To explain this dramatic change of regulation and litigation, Hall says culture changed:
Western culture had essentially succeeded in supplying the needs of the physical layers of [Maslow’s] hierarchy, including the security of a well-run society; and that the shift to the Eloi [of the Well’s Time Machine story] could be thought of as people beginning to take those things—the Leave It To Beaver suburban life—for granted, and beginning to spend the bulk of their energy, efforts, and concerns on the love, esteem, and self-actualization levels. … “Make Love, Not War” slogan of the 60s … neatly sums up the Eloi shift from bravery to sensuality. …

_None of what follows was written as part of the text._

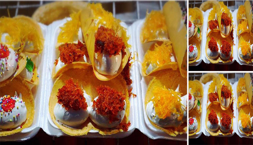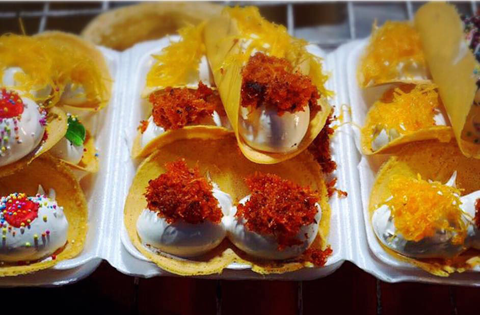 * ไส้หวาน : มะพร้าวขูด, ฝอยทองและงาขาว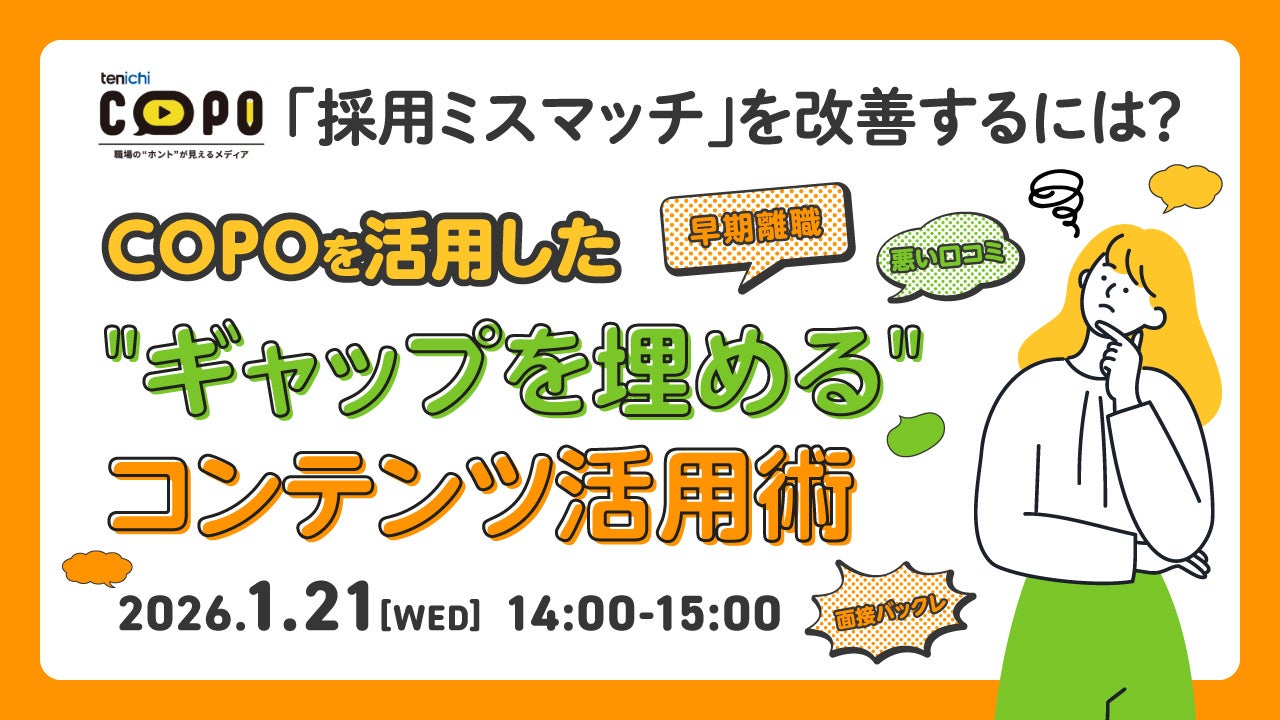 「働く」に関する社会課題をビジネスで解決するキャムコムグループの株式会社天職市場(以下天職市場、本社:東京都新宿区、代表取締役:春名敬太)は、2026年1月21日(水) 14:00よりオンラインセミナー「「採用ミスマッチ」を改善するには?COPOを活用した”ギャップを埋める” コンテンツ活用術」を開催いたします。

The nuclear umbrella meant that economic, political, and moral strength of the society was no longer at a premium.
I’ll say more about explaining this cultural change in another post.
What makes you think Russia has no regulation?
«In each wave energy available eventually reached a plateau»
In the graph above the "Henry Adams curve" seems to me an artifact of optics: first what matters is energy *per person*, else population growth adds noise, and then I see three different parts of the graph: the before-coal era, reached a plateau, the coal era where it reached a plateau in the interwar period, and then the post-coal, oil era where it also reached a plateau.
Looking at the same graphs for England would be more useful, because on a wider scale diffusion adds quite a bit of noise.